Still, she needed help to realize those experiences could inform her future career.
“I wasn’t sure about going to college, but my mom said, ‘I think intervention specialist is your thing. Working with people with disabilities may be your calling,’ and she was right,” explained Meyers.
At Bluffton, Meyers gained even more experience during an education department field experience at Lima Senior High School. While intervention specialists, also known as special education teachers, earn a multi-age teaching license, the field experience led to Meyers’ realization that she’s most interested in working with older students.

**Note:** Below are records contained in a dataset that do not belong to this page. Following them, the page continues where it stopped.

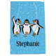 Dancing Penguins Design Mediu Gift Bag with customisable background colour and text on both sides.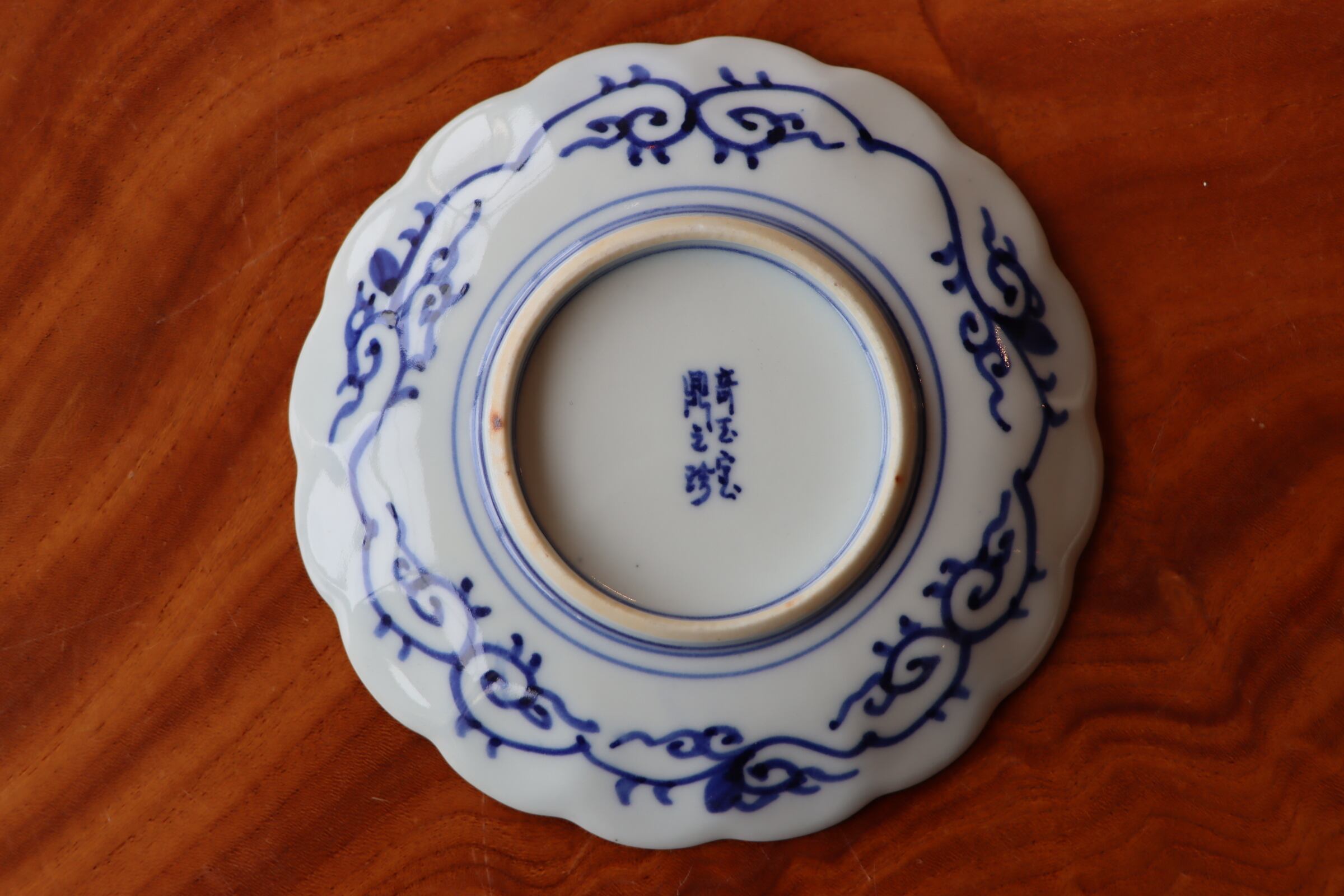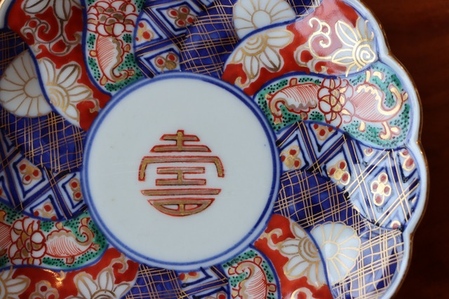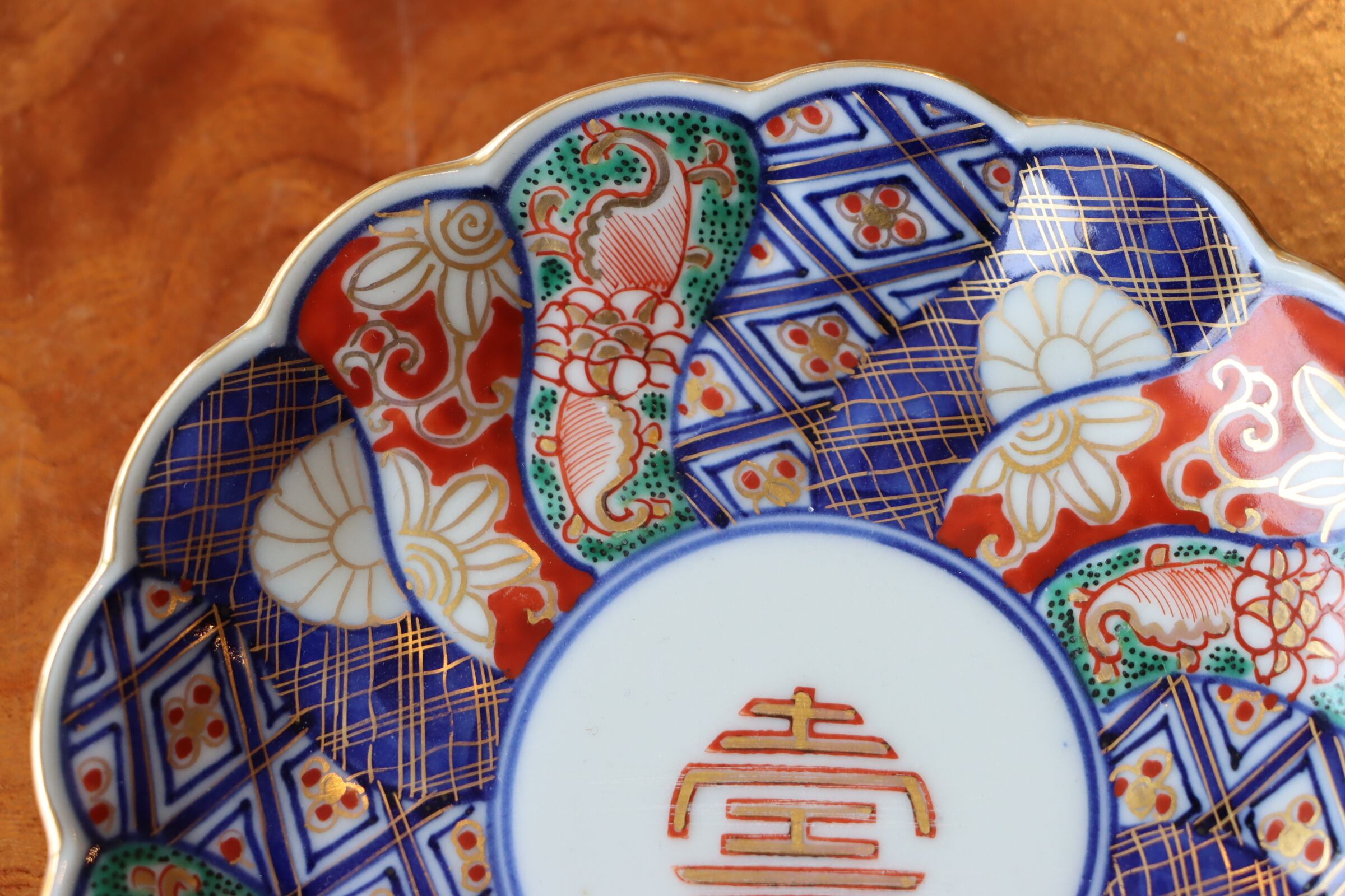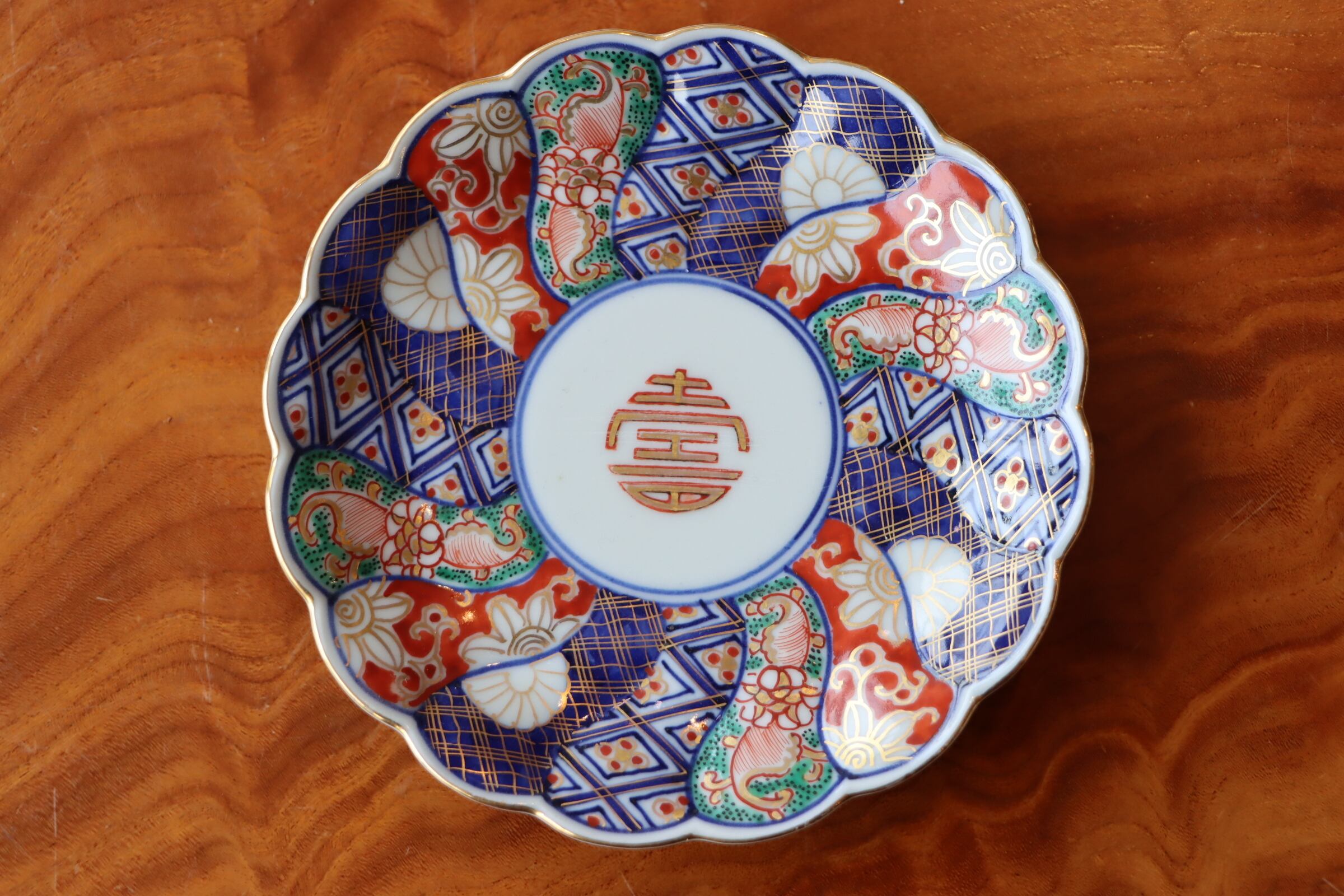 大聖寺伊万里 色絵 捻り壽文 小皿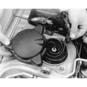 - Remove the strut mount cap in the engine compartment.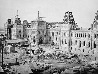 The British colonies which would eventually become Ontario and Quebec were from 1841 to 1867 known as Province of Canada. Ottawa, an industrial city of 10,000 people, became the capital of this united province in 1858, after the previous capital building in Montreal, Quebec was burned by an angry mob.[2] In 1859 construction began on the government buildings on Barracks Hill. Fuller and Jones won the contract for a new parliament building with a bid of ₤75,000.In 1867, with the passing of the British North America Act, Ottawa became the capital of the federated provinces of Canada, and Barracks Hill became Parliament Hill.[3]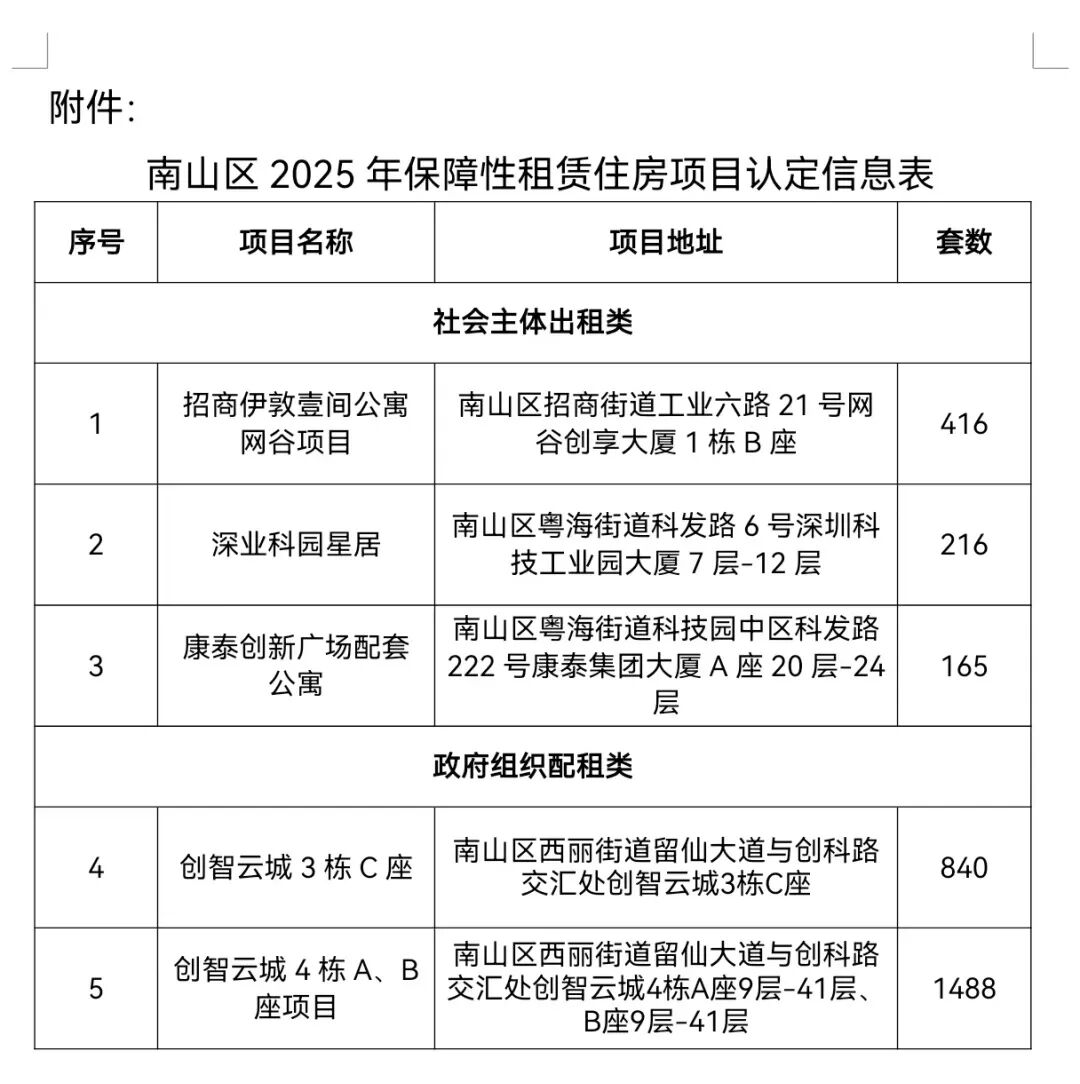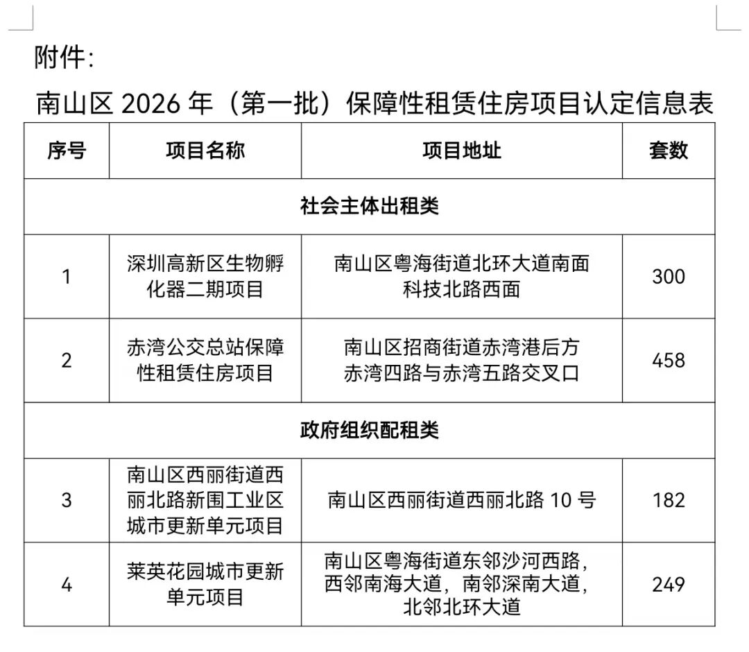 2026年2月14日,南山区住建局发布《南山区2025年、2026年(第一批)保障性租赁住房项目认定信息的公示》,同步公开两个年度首批认定项目。
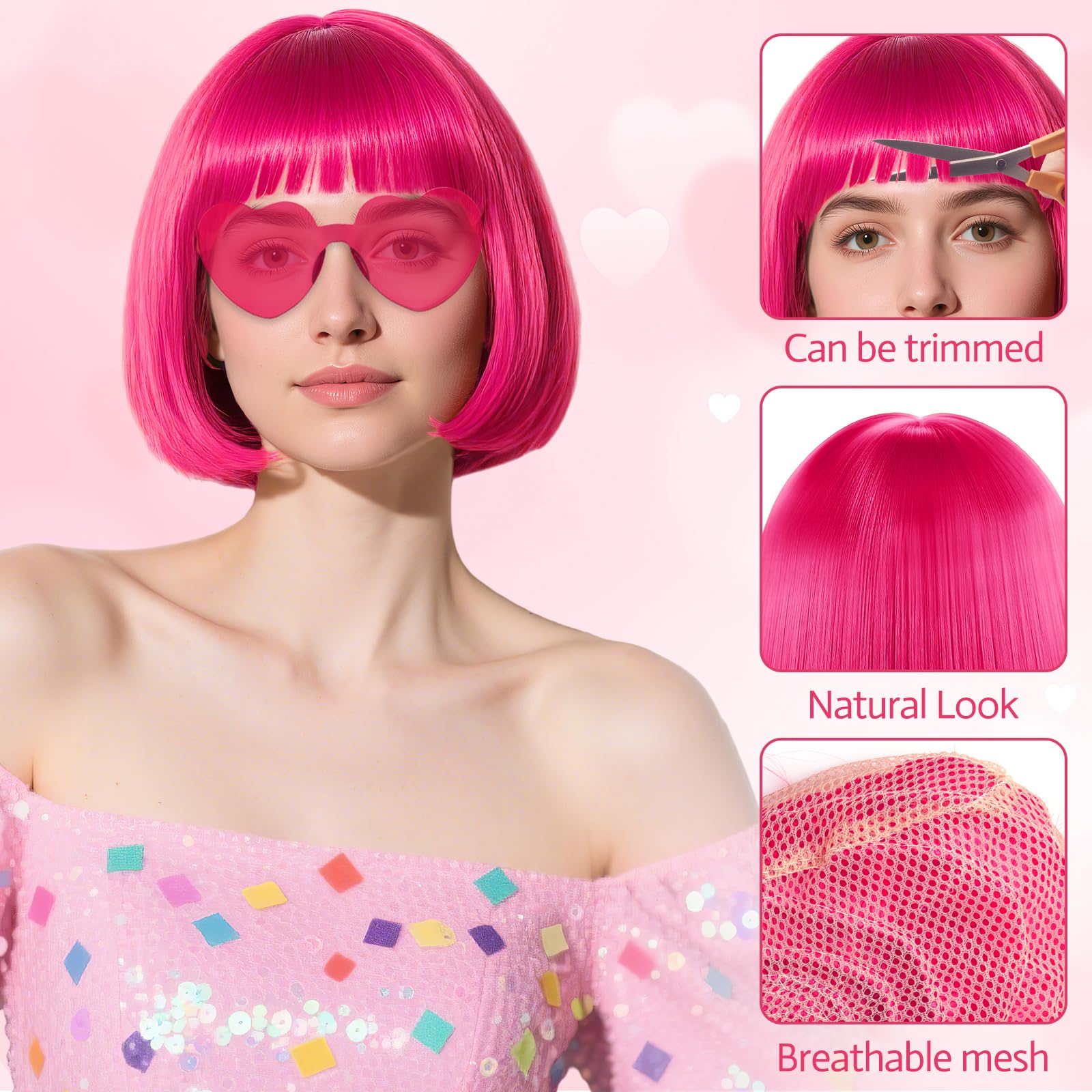 Value Pack: you will receive 1 X hot pink short bob wig, 1 X hair cap and 1 X pair of rose red heart shaped sunglasses, easy to meet your different combination. Perfect for bachelorette party, glow in the dark neon party, 80s cosplay accossories, Halloween costume party decoration supplies.PLEASE NOTE: You can trim the wig according to your face

She also credits Marathana Prothro, assistant professor of communication, and Dr. Gayle Trollinger, professor of education, with supporting her goals and encouraging her to go above and beyond her own vision of the future.
On campus, Meyers works in the bookstore and gives tours as a President’s Ambassador. She’s also a Becoming a Scholar (BAS) class mentor and participates in Multicultural Student Organization, Bluffton Education Organization and Marbeck Activities Council events.
As a BAS mentor, she recently accompanied first-year students on Bluffton’s Great Adventure to the Great Smoky Mountains of Tennessee. Last year, she formed close bonds with her classmates through the experience.
“As a class, we always stuck together even though we didn’t have to,” said Meyers. “Having a close connection with the friends I made in that group will forever be something that I cherish.”